Она стояла вполоборота, и он успел разглядеть в разрывах тумана трогательную нерешительность, силуэт, облаченный в невесомое, прозрачное, как наваждение над влажным парапетом лестницы.
Жарко вспыхнула медь ограждений, сверкнули стекла витрин – улыбка утреннего солнца – так свершилась их встреча. Сидя рядом, чувствуя тепло ее бедра, он рассказывал ей о Венеции, она впервые приехала сюда. С мужем, но ему не до нее, все время занят, возвращается поздно, спит до обеда и опять уезжает по делам. В тени моста он решается рассмотреть ее лицо, на нежной щеке маленькая родинка, ресницы долгие и пушистые, чуть припухлые губы.
Сидит прямо, колени плотно сомкнуты и волнуют близостью. Толчок вправо – гондола ныряет в узкий серебристый канал – она прижимается, ища опору, и он перехватывает ее ладонь. Пальцы теплы и невесомы, что ему становится не по себе от прикосновения к ним.
За следующим поворотом они оказываются в жарком солнечном круге, здесь канал широк, заполнен снующими гондолами, горячими сливочными всплесками на воде и прохладными зелеными тенями под высокими бортами. Бегущая серебристая рябь, гортанные возгласы гондольеров, их плавные движения веслами – в слепящем нежном зное венецианского утра. Здания справа и слева – белы до боли в глазах. Она прикрывает ресницы, вытягивает ноги, выпрямляя их в коленях, и он видит узкую маленькую ступню, охваченную белой паутиной тонких ремешков.
Неуловимое движение – так срывается в полет бабочка, испугавшись набежавшей тени – и волосы рассыпаются по плечам, она поворачивается, в радостном их зеленом блеске отражаются набережная, окна домов, накипание летнего праздного людского движения.
– Давайте завтракать!
Она глазами указывает на аккуратно расставленные столики возле горбатого тяжело-каменного моста.

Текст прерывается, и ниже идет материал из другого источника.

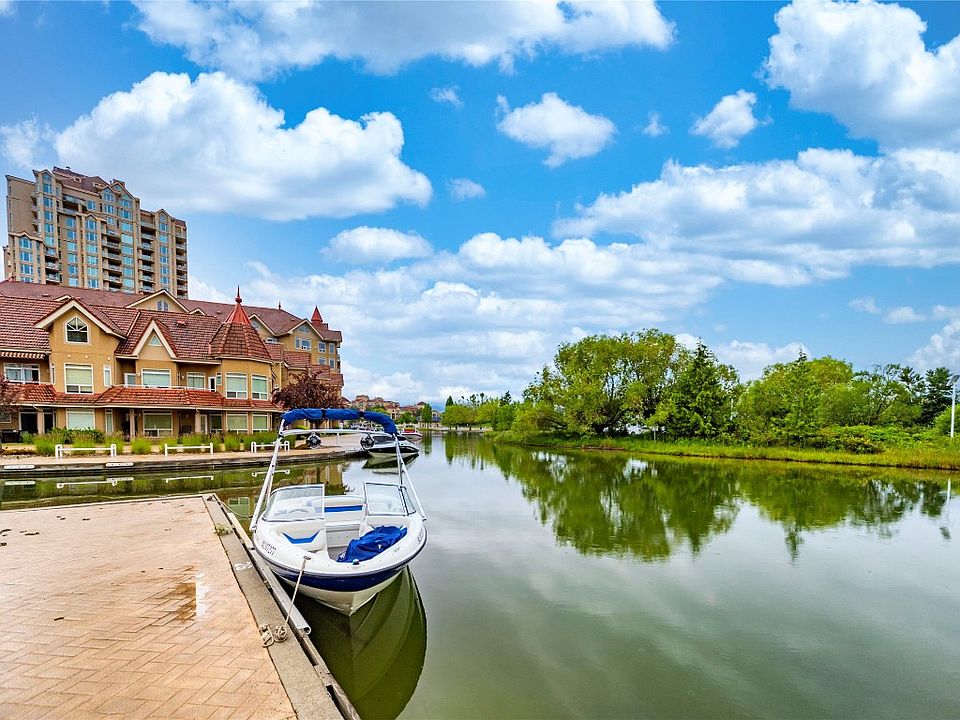 Two private decks overlook the bird sanctuary and lush landscaping. Both bathrooms feature heated floors, with the primary ensuite showcasing a spacious walk-in shower.

Каждый прикрыт от солнца конусным куполом с кистями. Круглые столетние столы – под белоснежными скатертями в окружении черных венских стульев. Они совсем пусты в тени здания с красной черепицей на кровле. От подоконников второго этажа ниспадают глицинии – сиренево-синий туман – касаются маркизы над окнами первого, и все еще изредка вздрагивают от ночной прохлады и росы, стекающей с листа на лист.
Мостовая набережной парит, дрожит жарким маревом. Запахи кофе, свежей выпечки, фруктов, смешиваются с запахами воды, крепкого табака, нагревающихся камней. Сев за столом напротив друг друга – замирают на секунду.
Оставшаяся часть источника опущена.